▶ _Data excerpts_

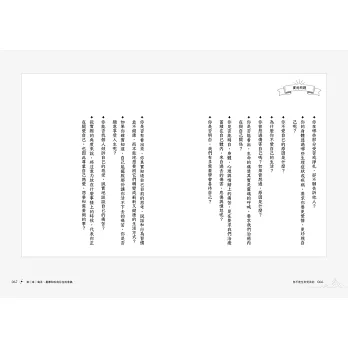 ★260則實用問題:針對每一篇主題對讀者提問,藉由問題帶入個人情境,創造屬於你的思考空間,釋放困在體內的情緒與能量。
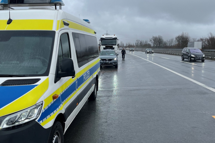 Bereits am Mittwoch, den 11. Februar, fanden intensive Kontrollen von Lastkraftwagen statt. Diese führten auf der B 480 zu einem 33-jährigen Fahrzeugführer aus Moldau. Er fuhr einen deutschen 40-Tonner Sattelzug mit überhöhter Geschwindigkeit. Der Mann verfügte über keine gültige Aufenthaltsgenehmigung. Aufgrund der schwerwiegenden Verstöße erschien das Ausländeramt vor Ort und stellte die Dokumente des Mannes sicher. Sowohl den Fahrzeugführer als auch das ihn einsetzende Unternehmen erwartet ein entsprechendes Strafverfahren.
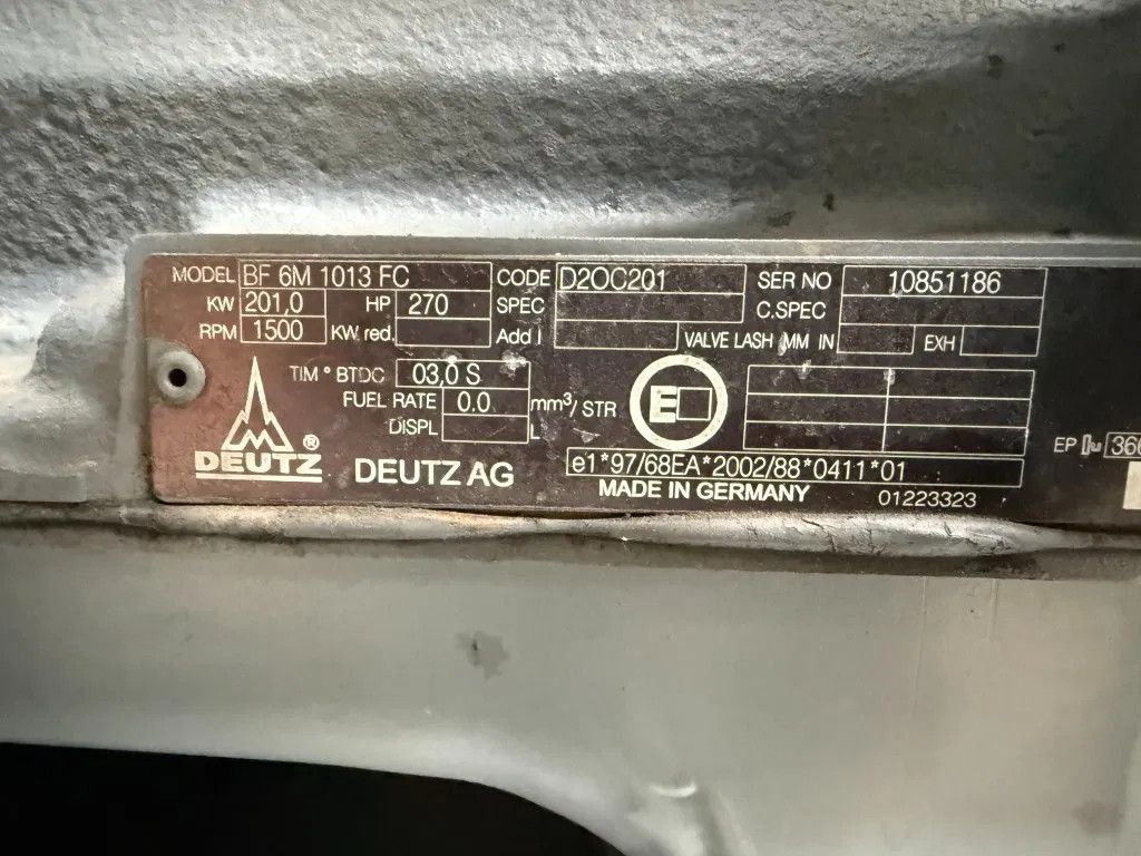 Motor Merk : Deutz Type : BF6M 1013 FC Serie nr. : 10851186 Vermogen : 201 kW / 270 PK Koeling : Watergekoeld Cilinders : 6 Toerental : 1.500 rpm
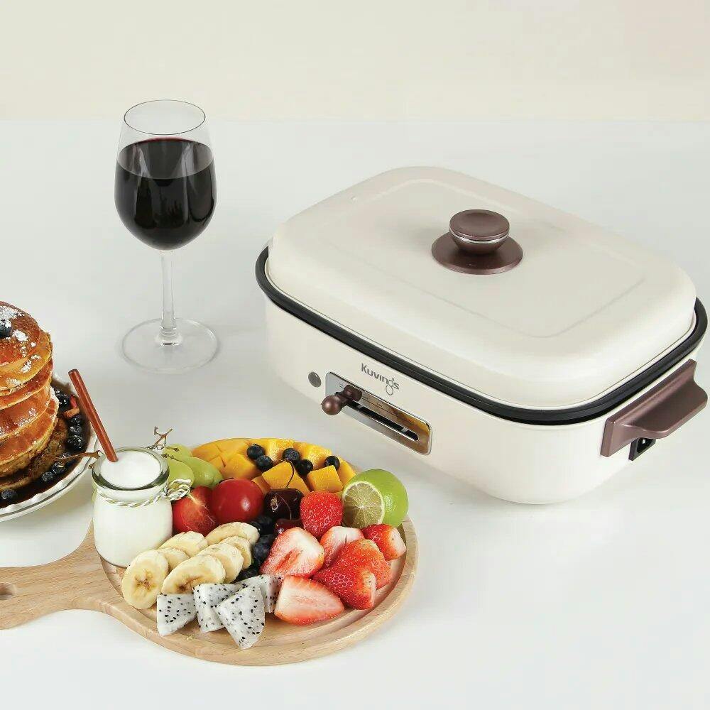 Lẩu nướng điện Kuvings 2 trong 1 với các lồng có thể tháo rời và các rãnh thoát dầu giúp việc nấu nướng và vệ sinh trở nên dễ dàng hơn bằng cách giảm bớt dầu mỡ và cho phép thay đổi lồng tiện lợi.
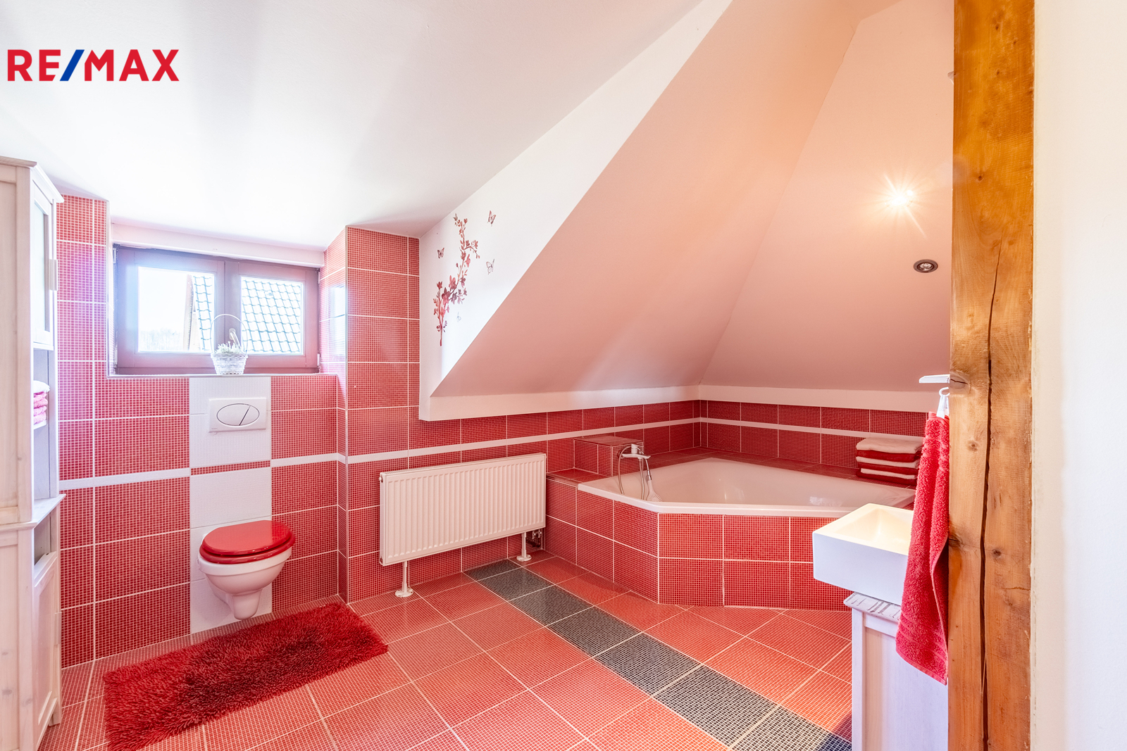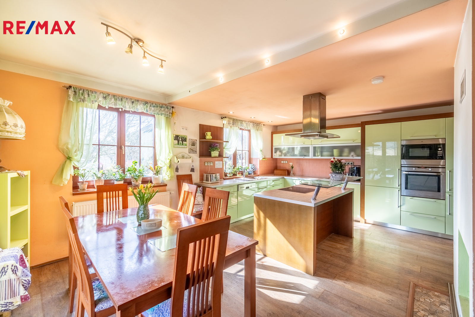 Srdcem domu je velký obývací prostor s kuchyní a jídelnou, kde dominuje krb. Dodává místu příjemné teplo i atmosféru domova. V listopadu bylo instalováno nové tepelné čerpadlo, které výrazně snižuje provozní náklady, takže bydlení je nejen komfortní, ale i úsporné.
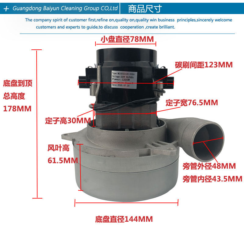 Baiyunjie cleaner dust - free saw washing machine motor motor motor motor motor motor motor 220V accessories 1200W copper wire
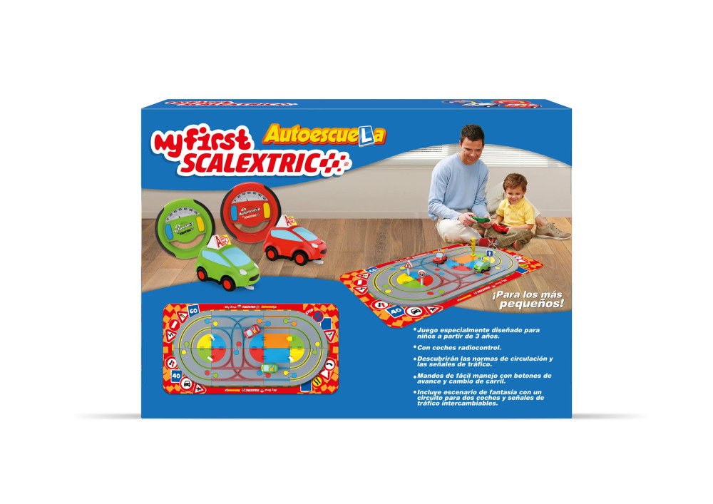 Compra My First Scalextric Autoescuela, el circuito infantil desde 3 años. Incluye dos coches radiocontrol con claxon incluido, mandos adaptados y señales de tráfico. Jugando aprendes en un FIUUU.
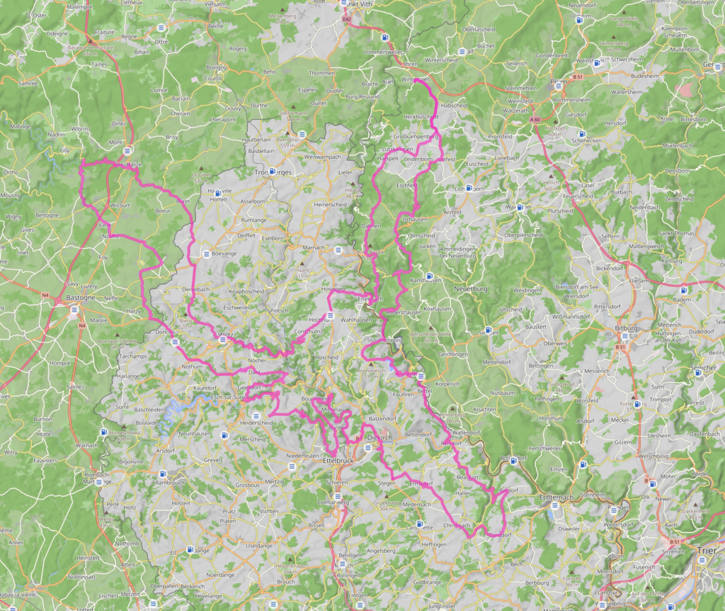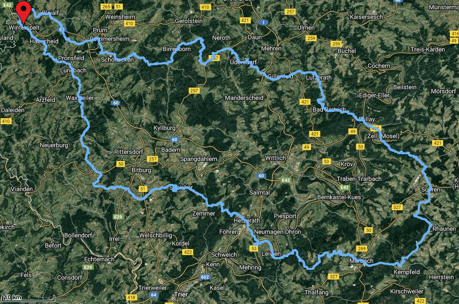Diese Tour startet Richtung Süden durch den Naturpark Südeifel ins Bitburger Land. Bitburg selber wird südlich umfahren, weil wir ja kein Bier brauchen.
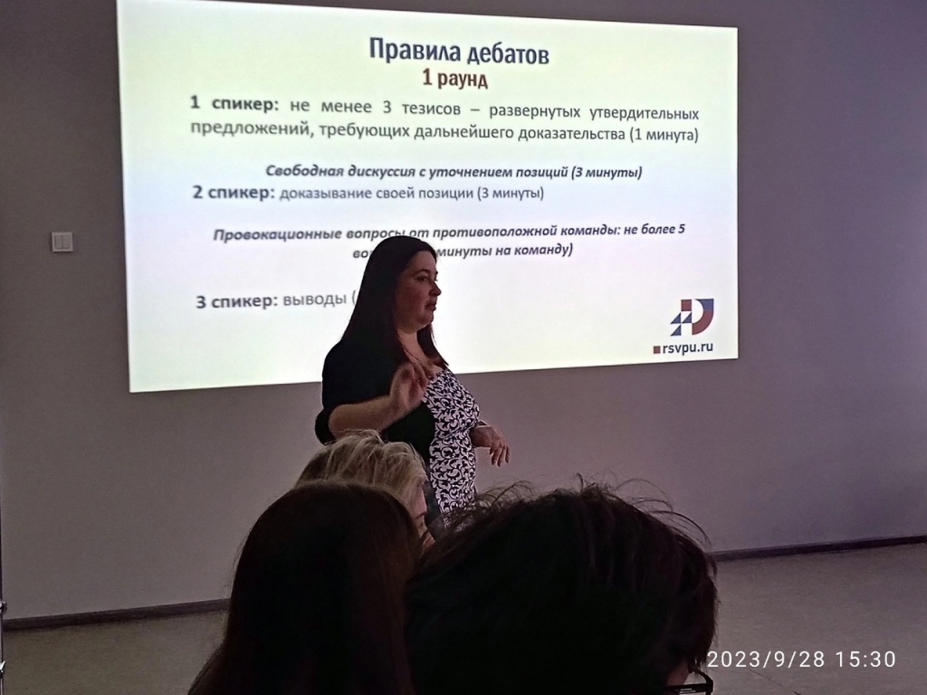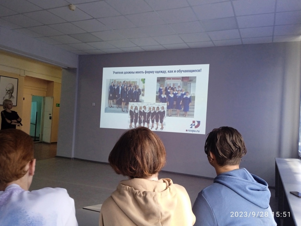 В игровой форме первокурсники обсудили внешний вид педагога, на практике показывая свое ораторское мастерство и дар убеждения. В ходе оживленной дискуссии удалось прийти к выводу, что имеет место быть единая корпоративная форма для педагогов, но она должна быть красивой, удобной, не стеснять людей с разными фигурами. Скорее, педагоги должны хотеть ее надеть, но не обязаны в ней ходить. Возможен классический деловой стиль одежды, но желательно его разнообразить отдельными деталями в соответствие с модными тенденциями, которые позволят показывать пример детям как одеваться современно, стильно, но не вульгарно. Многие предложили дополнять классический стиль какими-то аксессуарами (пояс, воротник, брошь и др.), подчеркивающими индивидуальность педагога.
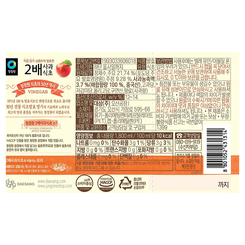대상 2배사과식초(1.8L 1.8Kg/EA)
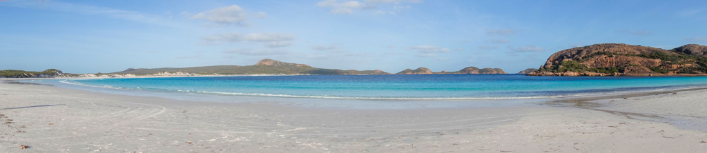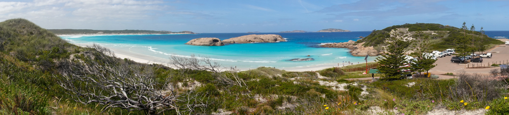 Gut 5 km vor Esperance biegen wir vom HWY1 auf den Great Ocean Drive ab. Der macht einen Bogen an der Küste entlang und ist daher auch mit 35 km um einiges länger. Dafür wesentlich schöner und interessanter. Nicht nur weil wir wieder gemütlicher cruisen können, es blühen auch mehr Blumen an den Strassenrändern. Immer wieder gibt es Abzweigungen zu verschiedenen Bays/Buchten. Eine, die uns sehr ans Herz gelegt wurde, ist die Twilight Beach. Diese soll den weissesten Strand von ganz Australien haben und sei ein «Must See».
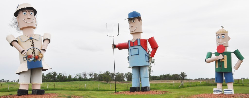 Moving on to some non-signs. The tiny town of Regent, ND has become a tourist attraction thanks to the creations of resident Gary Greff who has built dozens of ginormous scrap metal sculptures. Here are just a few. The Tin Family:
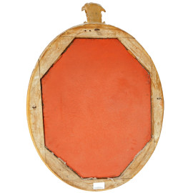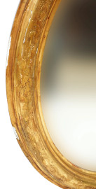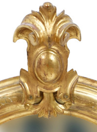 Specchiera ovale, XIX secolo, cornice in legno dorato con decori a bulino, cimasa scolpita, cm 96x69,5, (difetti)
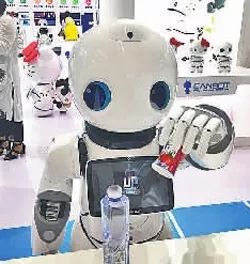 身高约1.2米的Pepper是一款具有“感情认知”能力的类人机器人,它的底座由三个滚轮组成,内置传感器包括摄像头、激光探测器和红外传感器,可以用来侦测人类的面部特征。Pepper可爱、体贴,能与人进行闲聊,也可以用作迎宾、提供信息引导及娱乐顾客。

▶ _Task to complete_
Output the entries above exactly. Drop the pictures.

▶ _Output for this exercise_
 ★260則實用問題:針對每一篇主題對讀者提問,藉由問題帶入個人情境,創造屬於你的思考空間,釋放困在體內的情緒與能量。
 Bereits am Mittwoch, den 11. Februar, fanden intensive Kontrollen von Lastkraftwagen statt. Diese führten auf der B 480 zu einem 33-jährigen Fahrzeugführer aus Moldau. Er fuhr einen deutschen 40-Tonner Sattelzug mit überhöhter Geschwindigkeit. Der Mann verfügte über keine gültige Aufenthaltsgenehmigung. Aufgrund der schwerwiegenden Verstöße erschien das Ausländeramt vor Ort und stellte die Dokumente des Mannes sicher. Sowohl den Fahrzeugführer als auch das ihn einsetzende Unternehmen erwartet ein entsprechendes Strafverfahren.
 Motor Merk : Deutz Type : BF6M 1013 FC Serie nr. : 10851186 Vermogen : 201 kW / 270 PK Koeling : Watergekoeld Cilinders : 6 Toerental : 1.500 rpm
 Lẩu nướng điện Kuvings 2 trong 1 với các lồng có thể tháo rời và các rãnh thoát dầu giúp việc nấu nướng và vệ sinh trở nên dễ dàng hơn bằng cách giảm bớt dầu mỡ và cho phép thay đổi lồng tiện lợi.
 Srdcem domu je velký obývací prostor s kuchyní a jídelnou, kde dominuje krb. Dodává místu příjemné teplo i atmosféru domova. V listopadu bylo instalováno nové tepelné čerpadlo, které výrazně snižuje provozní náklady, takže bydlení je nejen komfortní, ale i úsporné.
 Baiyunjie cleaner dust - free saw washing machine motor motor motor motor motor motor motor 220V accessories 1200W copper wire
 Compra My First Scalextric Autoescuela, el circuito infantil desde 3 años. Incluye dos coches radiocontrol con claxon incluido, mandos adaptados y señales de tráfico. Jugando aprendes en un FIUUU.
Diese Tour startet Richtung Süden durch den Naturpark Südeifel ins Bitburger Land. Bitburg selber wird südlich umfahren, weil wir ja kein Bier brauchen.
 В игровой форме первокурсники обсудили внешний вид педагога, на практике показывая свое ораторское мастерство и дар убеждения. В ходе оживленной дискуссии удалось прийти к выводу, что имеет место быть единая корпоративная форма для педагогов, но она должна быть красивой, удобной, не стеснять людей с разными фигурами. Скорее, педагоги должны хотеть ее надеть, но не обязаны в ней ходить. Возможен классический деловой стиль одежды, но желательно его разнообразить отдельными деталями в соответствие с модными тенденциями, которые позволят показывать пример детям как одеваться современно, стильно, но не вульгарно. Многие предложили дополнять классический стиль какими-то аксессуарами (пояс, воротник, брошь и др.), подчеркивающими индивидуальность педагога.
대상 2배사과식초(1.8L 1.8Kg/EA)
 Gut 5 km vor Esperance biegen wir vom HWY1 auf den Great Ocean Drive ab. Der macht einen Bogen an der Küste entlang und ist daher auch mit 35 km um einiges länger. Dafür wesentlich schöner und interessanter. Nicht nur weil wir wieder gemütlicher cruisen können, es blühen auch mehr Blumen an den Strassenrändern. Immer wieder gibt es Abzweigungen zu verschiedenen Bays/Buchten. Eine, die uns sehr ans Herz gelegt wurde, ist die Twilight Beach. Diese soll den weissesten Strand von ganz Australien haben und sei ein «Must See».
 Moving on to some non-signs. The tiny town of Regent, ND has become a tourist attraction thanks to the creations of resident Gary Greff who has built dozens of ginormous scrap metal sculptures. Here are just a few. The Tin Family:
 Specchiera ovale, XIX secolo, cornice in legno dorato con decori a bulino, cimasa scolpita, cm 96x69,5, (difetti)
 身高约1.2米的Pepper是一款具有“感情认知”能力的类人机器人,它的底座由三个滚轮组成,内置传感器包括摄像头、激光探测器和红外传感器,可以用来侦测人类的面部特征。Pepper可爱、体贴,能与人进行闲聊,也可以用作迎宾、提供信息引导及娱乐顾客。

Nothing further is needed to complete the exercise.